Boni, o eterno campeão de audiência fala do futuro da mídia





Tive o privilégio de assistir à palestra do Boni na
Casa do Saber, um espaço super interessante, com uma programação de cursos e palestras de uma qualidade excepcional e que há muito tempo eu queria conhecer. O título da palestra não podia ser mais chamativo: “No ar, um campeão de audiência de todos os tempos".

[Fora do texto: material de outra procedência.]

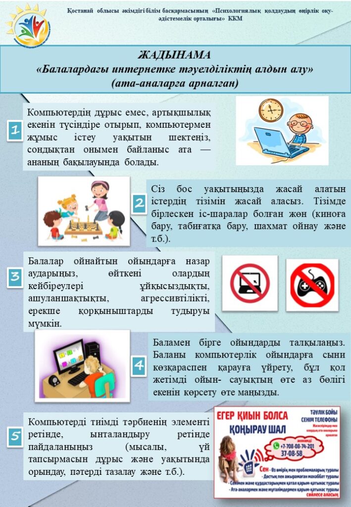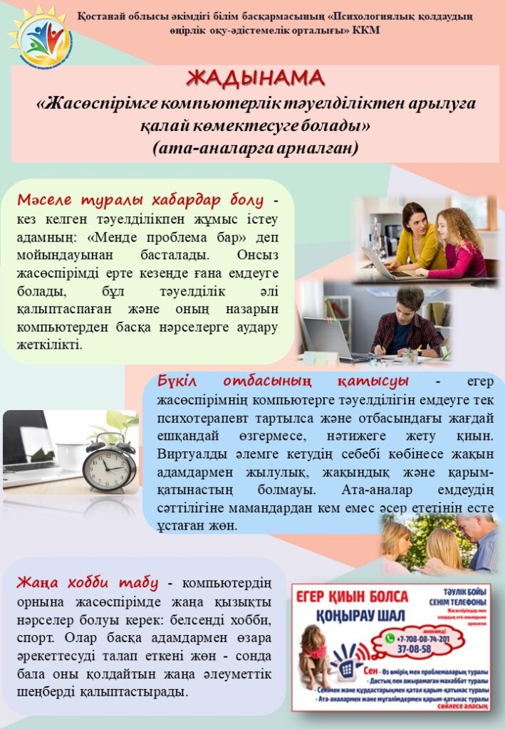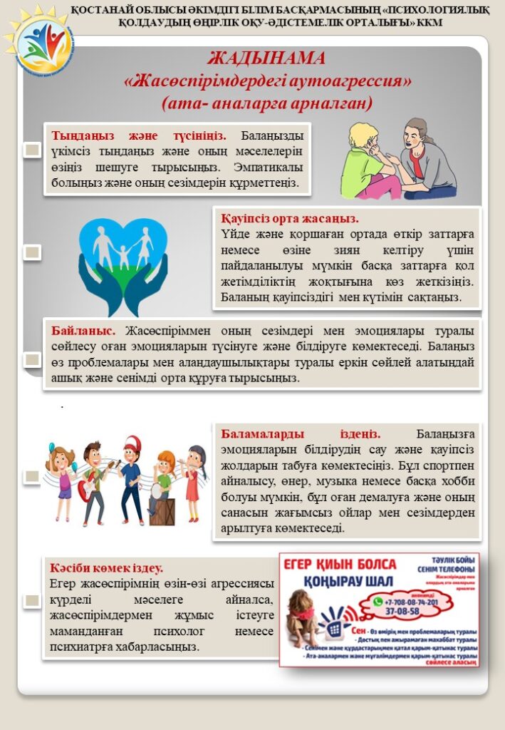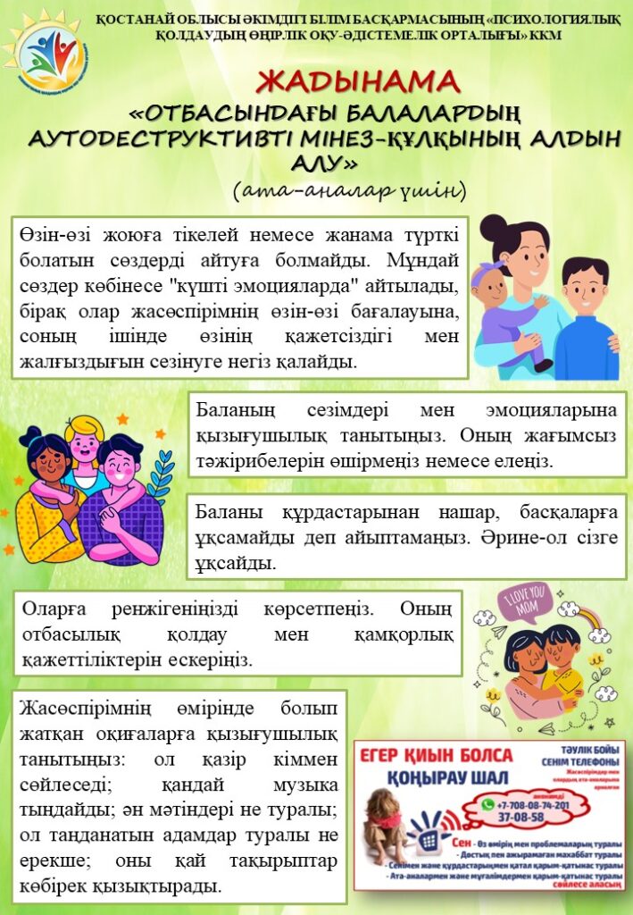 Салауатты өмір салты ЗОЖ алдын алу жоспары Нашақорлықтың, ПБЗ, вапингтің алдын алу жөніндегі жоспар Жасөспірімдердегі аутоагрессия Жасөспірімге компьютерлік тәуелділіктен арылуға қалай көмектесуге болады Балалардағы Интернетке тәуелділіктің алдын алу Отбасындағы балалардың аутодеструктивті мінез-құлқының алдын алу ЖЫНЫСТЫҚ ТӘРБИЕ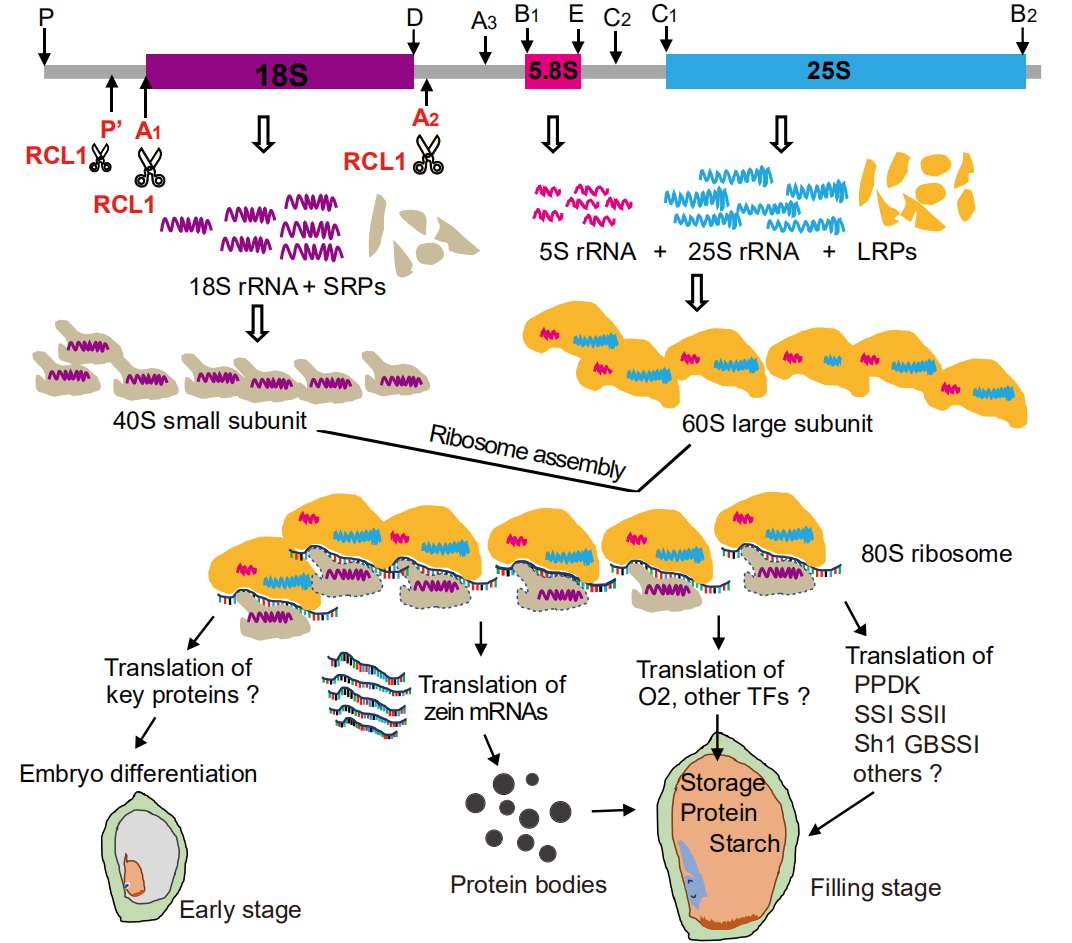 图3 RCL1参与18S pre-rRNA加工,影响核糖体形成,进而影响关键蛋白翻译过程,最后参与籽粒发育和储存物质合成的作用模式图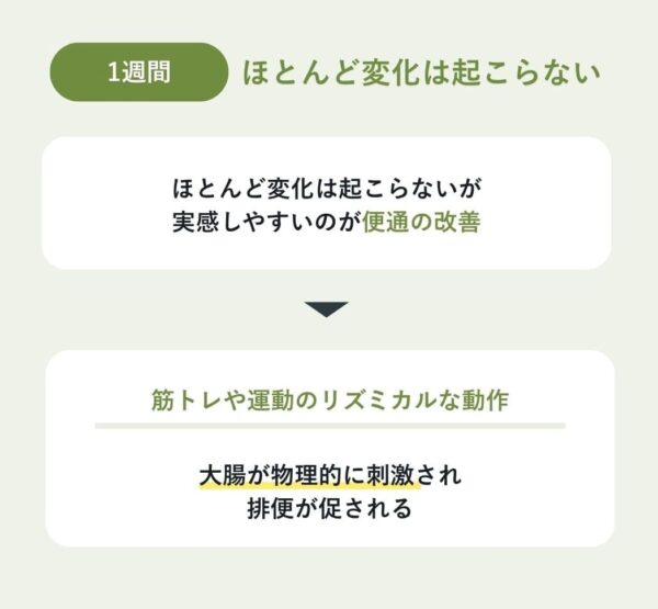 筋トレを始めてから1週間くらいでは、ほとんど変化は起こらないが、比較的実感しやすいのが便通の改善。
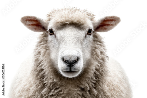 Fototapeta premium Sheep with fluffy wool and gentle expression on transparent background

Conhecido como o Todo Poderoso da TV Globo ou o inventor do ‘Padrão Globo de Qualidade’. Boni é, na verdade, muito mais que isso. Não conheço a carreira dele de perto (nem seu caráter), mas digam o que disserem sobre ele, ninguém pode negar que o cara é o que se pode chamar de uma enciclopédia viva da televisão brasileira. Participou de tudo, de tudo mesmo, desde que a TV chegou ao país, na década de 50.

O mais bacana, porém, é que, ao contrário de tanta gente na sua faixa etária - já bem entrado nos 70 - Boni nada tem de saudosista ou de nostálgico, pelo contrário, até evita falar do passado. É super jovial, até na voz e na postura e está antenadíssimo com as novas mídias. Daí meu interesse em ouvir o que ele tinha a dizer. E foi ótimo.

Durante boa parte da palestra/debate com a plateia, Boni falou sobre a tevê digital e foi muito questionado sobre as mudanças tecnológicas que estão começando a ser implantadas no país. Dono de uma rede de afiliadas da Rede Globo no Vale do Paraíba, em São Paulo, a TV Vanguarda, ele vem acompanhando muito de perto todas estas mudanças. Vale um parênteses para falar da TV Vanguarda, que não é vanguarda só no nome, não. As emissoras de Boni privilegiam a experimentação, a inovação, com foco no jornalismo ao vivo e na cobertura de evento. Um caminho que tem dado muito, muito certo, em todos os sentidos.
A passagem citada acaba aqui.